Home→Forums→Relationships→Stuck in limbo, fear or loneliness, fear of hurting her→Reply To: Stuck in limbo, fear or loneliness, fear of hurting her
Dear Anita,
Thank you also for your responses, they are so helpful. I will echo the sentiment that both yours and Teak’s comments are really helping so much right now in this difficult time, I can’t thank you both enough.
Looks to me that you tend to magnify unpleasant/ negative experiences and perceive them as much bigger and worse than they really are. Maybe W’s insults and hurtful comments.. were not really insults or hurtful.
This is really eye-opening to me, it had not occurred to me that I am magnifying these difficult thoughts/scenarios. It may be a habit I have developed over several broken-down relationships, uncomfortable family dynamics as a child, and being susceptible to depression and anxiety. I am admittedly a sensitive person, and I feel emotions very acutely, especially empathy, and I often feel others’ sadness strongly. This has given me so much to think about, to try and control my emphasizing of negative feelings and scenarios.
* I am assuming sex was emotionally painful to you, not physically painful.
In fact, it was more painful for my partner, she struggling to express herself sexual and struggling with feelings of guilt and a lack of physical desire (things she has told me in the past). But due to my openness to sex and sexual expression, I think I struggling with feelings of rejection when my desire for sexual closeness was met with my partner not wanting to, if that makes sense?
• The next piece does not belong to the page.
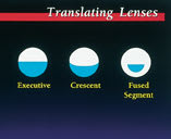 Translating The Tangent Streak (Fused Kontacts) looks like an executive spectacle bifocal with a segment that is flat on top and runs from edge to edge. Segment height and power can be varied and a truncation and prism ballast can be ordered. The Metro-Seg (Metro Optics) is a crescent-shaped bifocal design which offers unlimited add power and more stable rotation properties. The Presbylite RGP multifocal (Lens Dynamics) has a "sectored design" with a wedge-shaped segment that has an aspheric intermediate zone at the top. Prism ballast adds to +3.00D are available. The FluoroPerm ST (Paragon) utilizes an encapsulated segment made from a different material than the rest of the lens. The lens looks like a straight-top spectacle lens blank, can have both the segment height and power varied and incorporates truncation and prism ballast for stabilization. Although some labs may still inventory Fluoroperm ST buttons, in the future the lens will not be available.

– this is all you shared about your childhood. Absent are the sounds you heard as a child: perhaps there were arguments between your parents (before they separated and divorced), maybe angry and loud, maybe angry and quiet, maybe the silence between them was tense and threatening. Maybe you were afraid of their next argument, or the next silence treatment one imposed on the other.. Maybe you walked on egg shells, so to speak, waiting for the other shoe to drop, scared, sometimes angry. Maybe in the silence of the home, alert to every sound, your hearing became acute, each sound magnified, so to prepare for danger to come. This can explain your current magnification of potential threats, threats that often do not materialize (do they?):
This is very interesting, I was too young when my mother and father divorced, but because we lived in another country, my mother raised me for 2 and a half years in the country I live in now and I didn’t really meet my father until I was a little older when he moved closer, my mother informs me that I was very scared and hesitant towards him, and we didn’t form a strong connection. I remember a lot of sadness from my mother, so what you said makes sense – I did not want to cause my mother any further hurt, and my fathers temper and his dislike of children meant I definitely walked on egg-shells around him so as not to make him angry. He would often be very angry at normal child-like things, such as dropping something, or not understanding a difficult concept.
You wrote in regard to living with this woman: “I feel trapped”- trapped as a child perhaps, in the home where you grew up. The child that you were wanted perhaps to take action and run away from home, but he was too scared: (1) he will be so lonely away from home, (2) his mother will be very, very sad if he runs away, and she does not deserve to be hurt.
This really resonates with me, I think I felt trapped between two parents – my mother whom I wanted to make happy and shower with love and prevent from being upset, and my father who I was scared to see but was forced to be with every other weekend, I would often cry whilst at his house as I missed my mother. I definitely wanted to run away from this, and I felt so lonely when away from my mother (1), I always felt acutely sad for my mother when we were with my father and the woman that he had had an affair with when with my mother (2), I could not bare to upset her.
Fast forward more than 20 years: “I.. feel like crying every time I see her in the house, as she does not deserve to be hurt… I feel so sorry for my partner and my feelings make it hard to hold back the tears most days. I am so scared that if I do take action, I would feel so lonely and regretful, but breaking up is also all I’ve thought about for months”.
You have no idea how much this brings home these feelings, the comparison with my mother – the female care giver whom I didn’t want to upset, and my current partner, the now female care giver whom again, I do not want to upset. Knowing these things really is helping in understanding why I am struggling with these matters. Is there anything you would suggest that helps with these feelings? I am trying to cultivate mindfulness and close relationships with friends, but as I mentioned, I feel a little disappointed by my closest nearby friends at the moment. But in a way this gives me the strength and desire to be OK on my own temporarily, to be strong and resiliant.
Thank you again for all your thoughts, reaching out on this platform has been the most helpful thing I have done in a long time.